YC Startup BrowserOS Packages MCP Server in Browser
BrowserOS, a startup from Y Combinator's S24 batch, has launched an open-source Chromium fork that packages a Model Context Protocol (MCP) server directly into the browser. The project is positioned as a privacy-first alternative to other AI-native browsers. The development team reports that its top user request is to expose browser APIs for direct agent orchestration, highlighting developer demand for composable, local-first AI stacks.

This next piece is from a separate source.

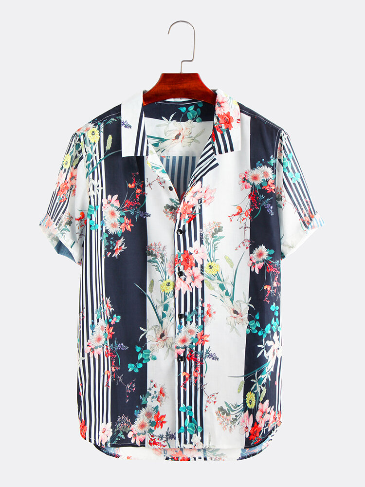 Flowers Stripe Mixed Print Short Sleeve Shirts – 3XL White
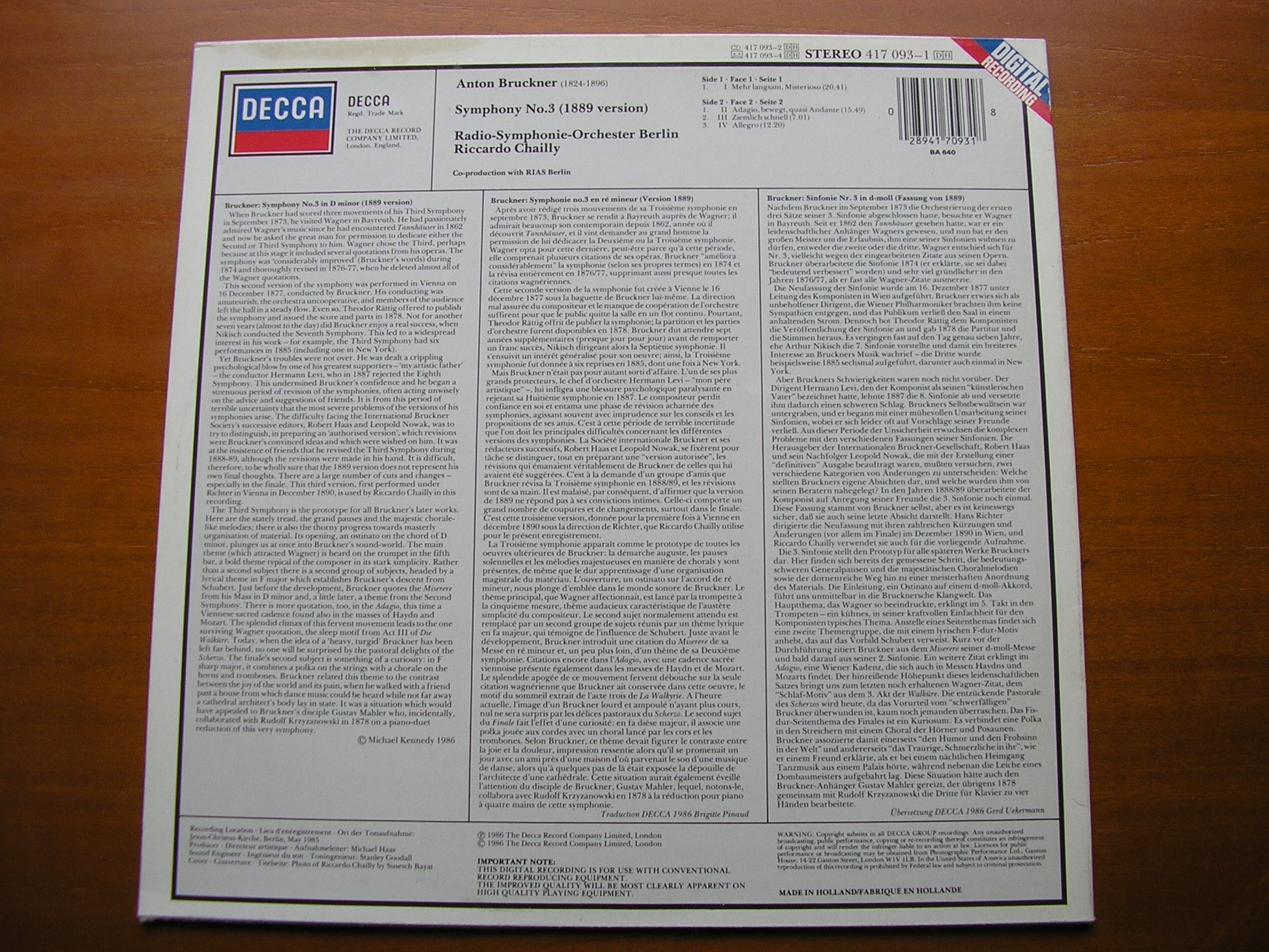 417 093  BRUCKNER: SYMPHONY No. 3     RICCARDO CHAILLY / BERLIN RADIO SYMPHONY ORCHESTRA

- The founding team consists of four people, including co-founders Nikhil Sonti and Nithin Sonti, who founded the company in 2024. - Model Context Protocol (MCP) was introduced by Anthropic in 2024 as an open protocol enabling AI assistants to access real-time data from APIs or databases using structured JSON requests. - By integrating the MCP server directly, BrowserOS allows AI agents to leverage the user's existing logged-in sessions, helping to bypass bot detection and CAPTCHAs that often hinder external automation tools. - The open-source project has gained early traction, attracting over 4,300 stars on GitHub and building a Discord community of more than 1,000 members. - It competes in a growing field of privacy-centric AI browsers, including Brave Leo, which anonymizes user requests, and Norton Neo, which stores browsing data and AI chats locally on the user's device by default. - As a fork of the open-source Chromium project, BrowserOS supports the existing ecosystem of Chrome extensions, allowing users to maintain their established workflows. - The platform is model-agnostic, supporting connections to OpenAI's GPT models, Anthropic's Claude, Google's Gemini, and local models run through services like Ollama and LMStudio. - A key use case is automating complex web tasks with natural language prompts, such as instructing the browser to "find software engineers from my LinkedIn requests and add them to a google sheet" using the user's active login.